Postgraduate @ Aalto University

Tuesday June 28 – 14.45 BST

An electron turnstile for frequency-to-power conversion

Nanometric normal-metal islands coupled to superconducting leads through insulating tunnel junctions are suitable as single-electron turnstiles, when its excess charge is periodically driven through a capacitively coupled gate electrode. The superconducting leads extend the stability zone along the whole gate-voltage parameter space making it possible to create single-electron currents by only allowing one tunnelling event per cycle per junction [1]. In this device, electric charge is carried by superconducting excitations which are injected into the leads in each tunnelling event. These excitations are created close to the superconducting gap edge. Consequently, the energy current, that is, power injected to the leads is given by a simple frequency-to-power conversion relation, namely the superconducting energy gap times the driving signal frequency $\left( P=\Delta f\right)$. Such a simple relation enables this device as a candidate for a power standard, analogue to the frequency-to-current conversion of single-electron turnstiles. This is experimentally demonstrated [2] as a first proof-of-concept. The power production is shown to be possible even in the absence of particle current.
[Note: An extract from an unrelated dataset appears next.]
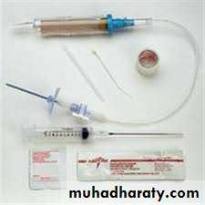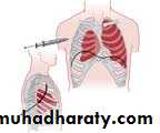 - Aspiration using a small IV catheter in the second intercostal space midclavicular line attached to a three-way stopcock and a large syringe.
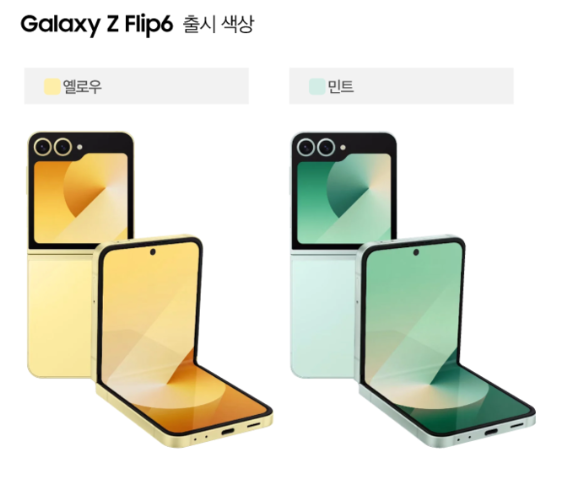 갤럭시 Z 플립6는 실버 쉐도우, 블루, 민트, 옐로우 등 다양한 색상 옵션을 제공합니다. 이를 통해 사용자들은 자신의 개성과 취향에 맞는 색상을 선택할 수 있게 되었습니다.

Moreover, the dynamics of power repartition among both junctions is studied. Further improvements in the accuracy of the power emission are proposed. 

[1] Pekola, J. P. Vartiainen, J. J. Möttönen, M. Saira, O-P. Meschke, M. Averin, D. Hybrid single-electron transistor as a source of quantized electric current. Nat. Phys. 4, 2007. 
[2] Marín-Suárez, M. Peltonen, J. T. Golubev, D. S. Pekola, J. P. An electron turnstile for frequency-to-power conversion. Nat. Nanotechnol., 2022.